The primary objective of this study was to evaluate the long-term maintenance of efficacy of LDX, using a composite endpoint based on the ADHD-RS-IV and Clinical Global Impressions – Severity of Illness (CGI-S) rating scale, via a randomised withdrawal design (RWD) in children and adolescents diagnosed with moderately symptomatic ADHD. Children and adolescents were treated with LDX (30, 50, or 70mg/day) for at least 26 weeks prior to entering a 6-week double-blind randomised (LDX at the subject’s open-label fixed dose, or placebo) withdrawal period.1Subjects’ response status must be confirmed in order to be eligible for enrolment into the RWD period.

The secondary objectives of this study were to:

Assess secondary efficacy outcomes, including the efficacy of LDX through the open-label maintenance period, using the clinician-administered ADHD-RS-IV and a global clinical measure of improvement, the CGI-I.
Assess the impact of LDX on the perception of health state preferences, health-related quality of life (HRQoL), and the relationship between changes in the core symptoms of ADHD and changes in functional outcomes, using the Health Utilities Index – Mark 2 (HUI-2), the Child Health and Illness Profile, Child Edition: Parent Report Form (CHIP-CE:PRF), and the Weiss Functional Impairment Rating Scale – Parent (WFIRS-P), respectively.
Evaluate the long-term safety of LDX based on the occurrence of treatment-emergent adverse events (TEAEs), specific evaluation of blood pressure and pulse, electrocardiogram (ECG) results, clinical laboratory test results, and physical examination findings.
Monitor subject safety based on responses to the Brief Psychiatric Rating Scale for Children (BPRS-C) and the Columbia-Suicide Severity Rating Scale (C-SSRS).
The primary efficacy endpoint for each subject was treatment failure at the end of the randomised withdrawal period.

Secondary endpoints of the study were:
The change from baseline of the ADHD-RS-IV at each visit
The CGI-I at each applicable visit
The HUI-2, CHIP-CE:PRF, and WFIRS-P at each applicable visit

Latest news:

* On May 23, 2012, at the EUNETHYDIS 2nd International ADHD Conference, the specialty biopharmaceutical company Shire presented results of the phase 3 study which demonstrated the long-term maintenance of efficacy of lisdexamfetamine dimesylate (LDX) in children and adolescents aged 6 to 17 years with Attention-Deficit/Hyperactivity Disorder (ADHD) (Coghill D, Banaschewski T, Lecendreux M et al. Maintenance of efficacy of lisdexamfetamine dimesylate in children and adolescents with attention-deficit/hyperactivity disorder: randomized-withdrawal design. Poster presented at the EUNETHYDIS 2nd International ADHD conference 23 - 25 May 2012, Barcelona, Spain. 2012).
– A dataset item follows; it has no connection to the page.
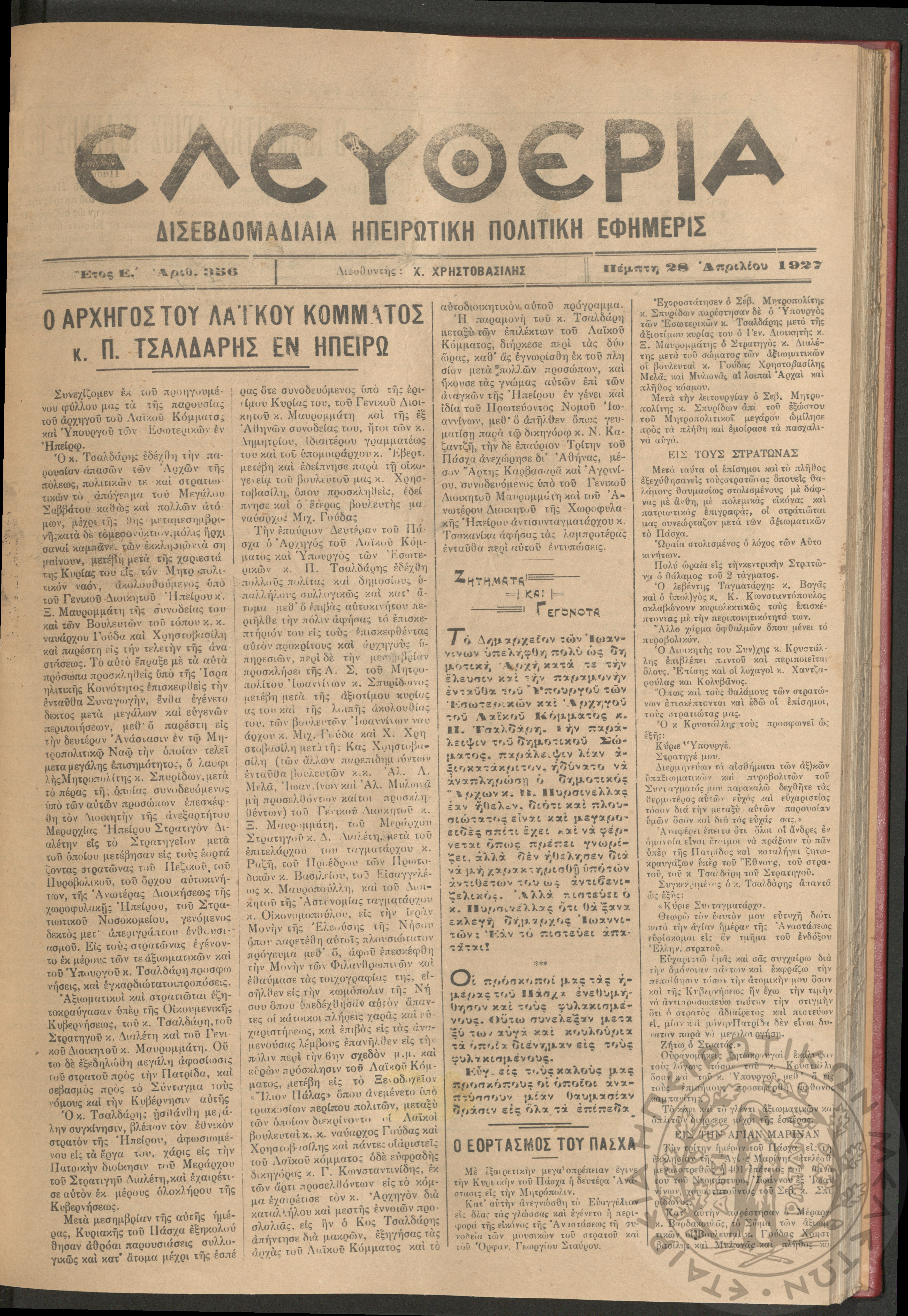 Ελευθερία: δισεβδομαδιαία Ηπειρωτική πολιτική εφημερίς, 1927, φ. 399

Children and adolescents diagnosed with ADHD were treated with LDX (30, 50 or 70mg/day)1 during an open-label period (comprising dose optimisation, maintenance, and fixed dose periods) of at least 26 weeks before entering a 6-week1 double-blind randomised withdrawal period, where subjects received either LDX or placebo.1 Results showed maintenance of efficacy in children and adolescents who continued to receive LDX, as demonstrated by a significantly lower proportion of ADHD treatment failures (13.5%) in this group, compared with placebo (65.8%); and the majority of placebo-treated subjects who met protocol-defined ADHD symptom relapse criteria did so within 2 weeks following randomisation.1 The overall nature, pattern, and incidence of treatment-emergent adverse events (TEAEs) were also consistent with those reported in other LDX studies in ADHD.

This study is a critical element of the European submission package. A European MAA (Marketing Authorisation Application) for LDX was accepted for review in January 2012.